There’s no disputing the benefits of deadlifts. This workout from trainer Paul Sklar, C.S.C.S. maxes them out.
Sklar shows off three moves in the video: the hybrid deadlift, hybrid deadlift to shrug, and conventional deadlift to shrug. You can stack all these moves into a vicious circuit series in the same workout, which is what Sklar seems to be doing, but that’s not the only way to do things. You can also work through just one of these moves in your next leg session. Keep the reps low if you aim to train heavy; think of doing 4 to 5 sets of 3 to 5 reps, focusing on technique. If you want to follow Sklar’s guidance and perform 10 reps of each exercise, make sure to use a weight that you can lift safely for all of the reps, not just the first few.
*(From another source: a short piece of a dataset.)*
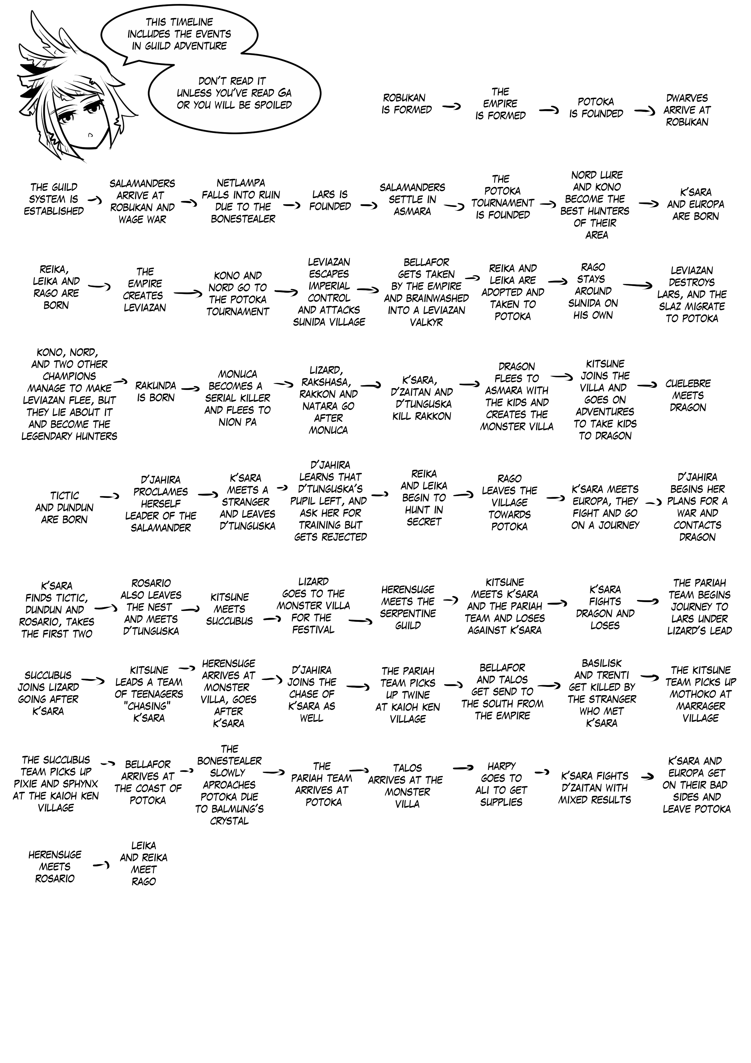 More or less full timeline of events combining what happened in Monster girls on tour and Guild adventure till the beginning of Ga. Read it only if you have read both comics or you’ll be spoiled of them both.

Not sure of the right technique? Sklar does a good job of showing you that for all three moves.
First, when getting into a hybrid deadlift stance, your feet should be halfway between a conventional and sumo position—outside your hands, but not like you’re about to do the splits. With hybrids, in the raised position, your hands will be directly in front of your thighs.
The conventional deadlift to shrug requires you to keep the feet at hip-width apart, with the hands outside of the legs.
Next up, when executing the shrug, let it flow directly out of the deadlift to give yourself the benefit of momentum (you likely can deadlift more weight than you can shrug), but don’t initiate the movement until your torso is vertical and you’re almost at lockout.
And, most importantly, in all three variations, you want to keep the bar in close to your legs throughout the entire movement and maintain a strong, stable trunk at all times. Skylar does an awesome this. see how the bar is dragging against his shorts and his back is straight and stiff as a board? That keeps the weight in your hamstrings and glutes and out of your low back.